Strong International Growth Momentum: DexCom’s international segment continues to outpace its U.S. business, with 18% reported revenue growth in the fourth quarter and 15% organic growth. Strong demand across key markets such as Germany, the U.K. and France highlights the company’s success in expanding CGM access globally.

In France, expanded reimbursement for type 2 diabetes patients significantly accelerated adoption, demonstrating the scalability of DexCom’s evidence-driven market access strategy. Management believes the long-term opportunity outside the United States could eventually surpass the domestic market as coverage improves and the company expands into additional countries.

Downsides

Increasing Competitive Pressure in the CGM Market: The CGM market remains highly competitive, with rival technologies launching new sensors and expanding international presence. DexCom management acknowledged that competitors are actively introducing new products and expanding distribution globally.

While the company believes its accuracy and product ecosystem provide differentiation, competitive pricing, reimbursement access and technological innovation from rivals could pressure its market share in certain regions. Sustaining leadership in the CGM category will require continued investment in both hardware and digital platforms to maintain clinical and technological advantages.

Margin Volatility From Manufacturing Expansion: DexCom’s profitability outlook faces near-term pressure from investments in manufacturing capacity, particularly the planned ramp-up of its Ireland production facility. During the early stages of operation, the facility will generate fixed overhead costs before reaching full production capacity, which management expects to weigh on gross margins temporarily. While the facility should improve long-term supply-chain scalability and cost efficiency, the transitional period could create short-term margin volatility and raise operating expenses in 2026.

Dependence on Coverage Decisions for Future Growth: DexCom’s growth trajectory remains closely tied to reimbursement decisions by government programs and insurers. Management emphasized that its 2026 outlook assumes the current coverage environment remains largely unchanged, underscoring the sensitivity of revenue projections to potential reimbursement policy shifts.
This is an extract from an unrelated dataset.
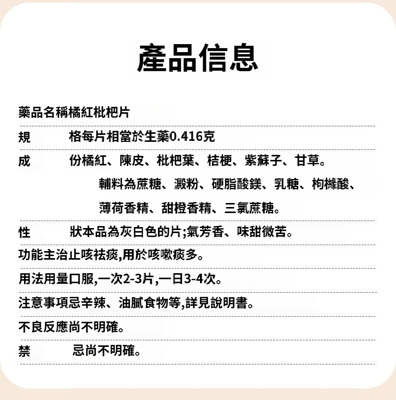 橘紅枇杷片止咳祛痰感冒支氣管炎咳嗽痰多 NT$ 890
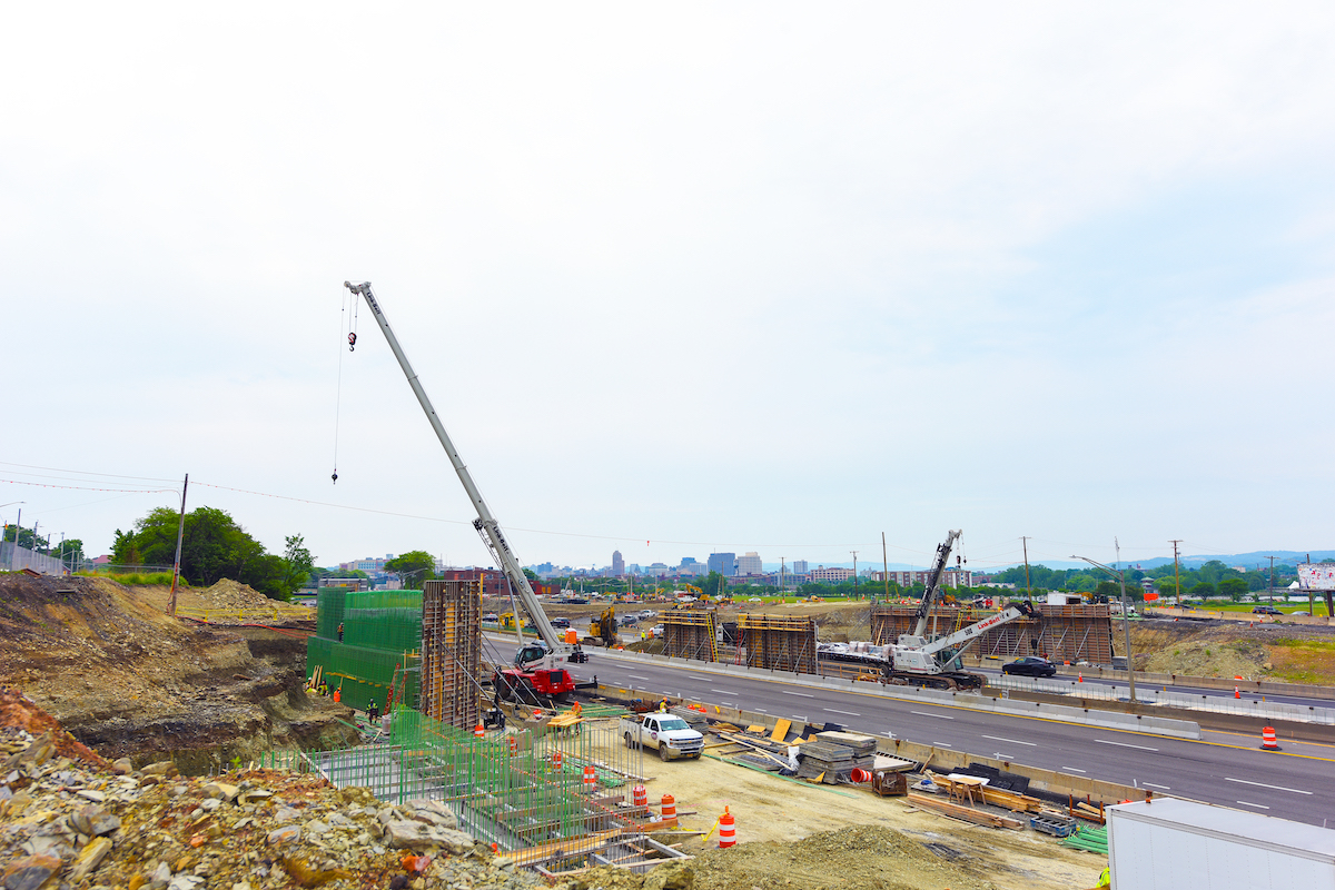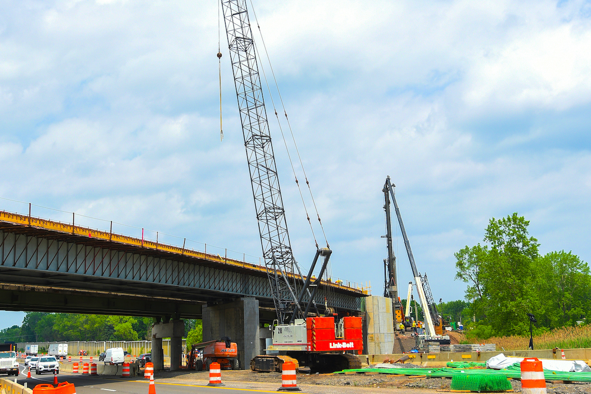 At the demolished Bear Street bridge, several Link-Belt machines are found on both sides of the interstate as well as in the median. The new four-lane (two lanes in each direction) overpass will be lengthened to fit over the expanded Business Loop 81, will be widened for pedestrian traffic, and will have upgraded curb treatments.

Delays in Medicare decisions for non-insulin type 2 patients or slower-than-expected payer adoption could limit new patient additions and slow revenue growth. Given the company’s reliance on expanding reimbursement to drive adoption, regulatory or policy delays remain a key uncertainty for long-term demand.

Estimate Trend

DexCom has witnessed a positive estimate revision trend for 2026. In the past 30 days, the Zacks Consensus Estimate for 2026 earnings per share has moved up 2 cents to $2.49.

The consensus mark for the company’s first-quarter revenues is pegged at $1.18 billion, indicating a 13.6% improvement from the year-ago quarter’s reported number. The consensus estimate for first-quarter earnings is pinned at 47 cents per share, implying an improvement of 46.9% year over year.  

Stocks to Consider

Some better-ranked stocks in the broader medical space are Intuitive Surgical (ISRG - Free Report) , Align Technology (ALGN - Free Report) and Cardinal Health (CAH - Free Report) .

Intuitive Surgical, sporting a Zacks Rank #1 (Strong Buy), has an estimated long-term growth rate of 15.7%. ISRG’s earnings surpassed estimates in each of the trailing four quarters, with the average surprise being 13.24%. You can see the complete list of today’s Zacks #1 Rank stocks here.

Intuitive Surgical’s shares have gained 8.9% against the industry’s 7.3% decline over the past six months.

Align Technology, carrying a Zacks Rank #2 (Buy), has an estimated long-term growth rate of 10.1%. ALGN’s earnings surpassed estimates in each of the trailing four quarters, with the average surprise being 6.16%.

ALGN’s shares have climbed 26.9% compared with the industry’s 16.7% growth over the past six months.

Cardinal Health, carrying a Zacks Rank of 2, has an estimated long-term growth rate of 15%. CAH’s earnings surpassed estimates in each of the trailing four quarters, with the average surprise being 9.3%.

CAH’s shares have rallied 46% compared with the industry’s 16.7% growth over the past six months.